P( S ) = { {}, {7}, {8}, {9}, {7,8}, {8,9}, {7,9}, {7, 8, 9} }

when it comes to intuition, we can generate all possible sets for a small number of S like 3 elements or possibly four.
but when it comes to large numbers (relatively) like 16 elements the no of subsets is 2^16 = 65536.
in this case : of course it will be impossible to generate all sets by direct intuition, instead we need a method to map this method, or more particularly an algorithm to compute for us all possible subsets.

let's see the following approach ;
we would think of the Set S = { 1 , 2 , 3 , 4 } as an example

may be some samples subsets will be the following

set 1 :
- we will take the 1
- we will not take the 2
- we will take the 3
- we will take the 4

doesn't this interpretation yields the set { 1, 3, 4 } ?

set 2 :
- we will not take the 1
- we will take the 2
- we will not take the 3
- we will not take the 4

and this yields the set { 2 }.

another way to represent this interpretation by the following string { 0, 1, 0, 0 }
- where a 0 represents that we will not take the indexed element
- and a 1 represent that we will take it in our consideration.

well here comes more clarification for the 2^n line we didn't get at the beginning.
if we are going to represent every set as a string where every single item is marked as taken or not.
so the no of ways we can represent this string is (2)*(2) *.....(2)*(2) n times = 2^n.
so all we have to now is to represent all numbers from 0 to 2^n -1 in binary representation
and then mask this representation into our set to decide weather to take a specific element or not :).

so we begin with a for loop that loops from 0 to 2^n -1






and through the loop we mask the current number in binary representation and check weather each element in this index exists or not.

a sample code is available here with some modifications.

and this is the puzzle of today ;) ;) whoever can break this encrypted code will have a prize ;) ;) and that itself is a surprise :)
and i am talking seriously :)



this algorithm runs in O( n *(2 ^ n) ) and that's all i can get so far .
any body has a faster algorithm ??
however, i beleive the ( 2 ^ n ) factor cannot be reduced because it is the no of subsets so it can be reduced than that to generate all possible case.
so anybody can generate something less than the ( n ) factor ?

9 comments :

  1. I think yes there is a way.I can call u to discuss it with u easier but I will just clarify its outlines.
    1) if we have a bit mask of just one (1)like 0100 we can get it's set in O(1).
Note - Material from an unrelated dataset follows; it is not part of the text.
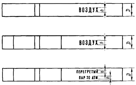 Примечание: На трубопроводах горячей воды и этилированного бензина надписи на отличительных поясах должны быть белые
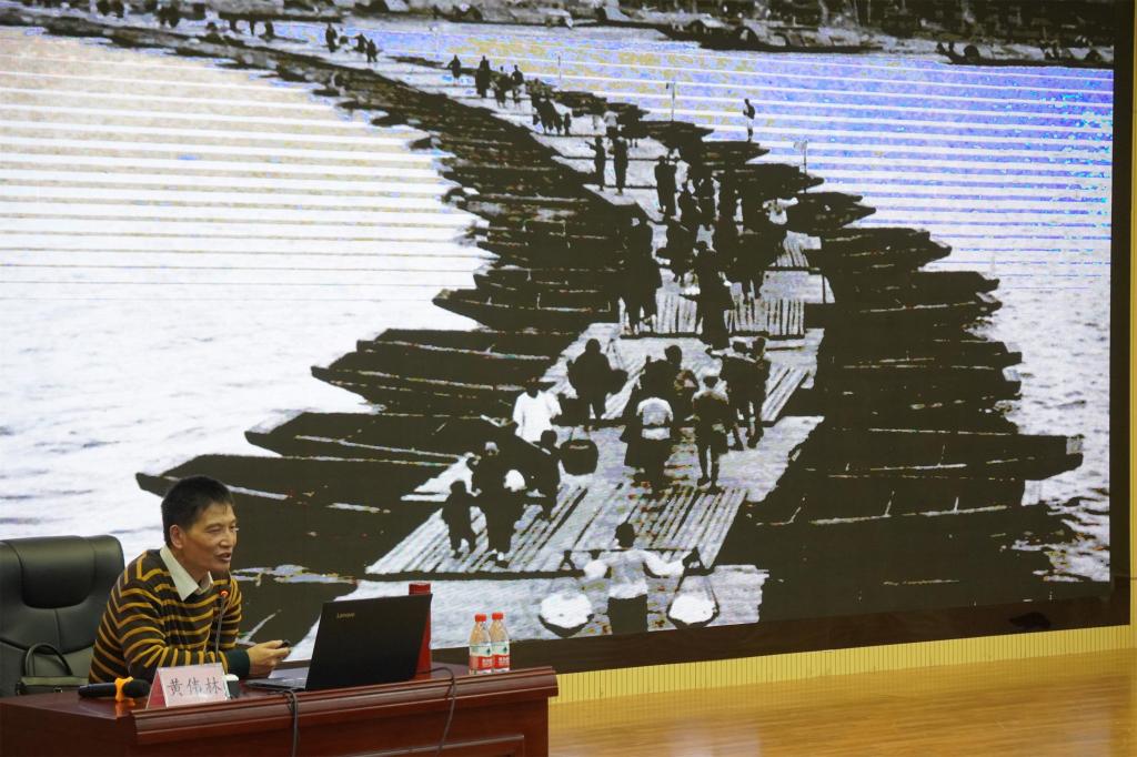 10月21日,机关二工会“爱家乡、爱桂林、知桂林”系列活动首场活动拉开帷幕。应机关二分工会邀请,广西师范大学黄伟林教授做客我院开展讲学。此次活动由机关二工会联合学院图书馆、机关二直属党支部、思政与公共教学部直属党支部、电子工程系党总支、机电工程系党总支、管理系党总支、设计系党总支共同举办。讲学中,黄伟林教授以《图说桂林文化城》为主题,为在座师生生动形象地讲述了桂林市作为国家首批历史文化名城,其文化的渊源及文化的发展,同时从多个侧面为师生们展现了桂林作为文化名城在抗战期间的历史截面和文化意蕴。

    2) there is a way to get the first occurring one from the right in a mask suppose number is x then it's let's call it m = --> x & !(x-1).

    3) if we make k = x - m we get the mask without the rightmost one which will be previously computed and saved so the result of x now will be the set of m concatenated with the element list of the one removed.

    4) Example : {1,2,3,4}

    x = 0110
    x-1 = 0101
    r = !(x-1) = 1010
    m = x & r = 0010
    list of m = 3
    k = x - m = 0100
    list of x = list of(k) ++ list(m)
    = {2,3}
    I think it can reduce it to 2^n only there may be any mistake just check it :):)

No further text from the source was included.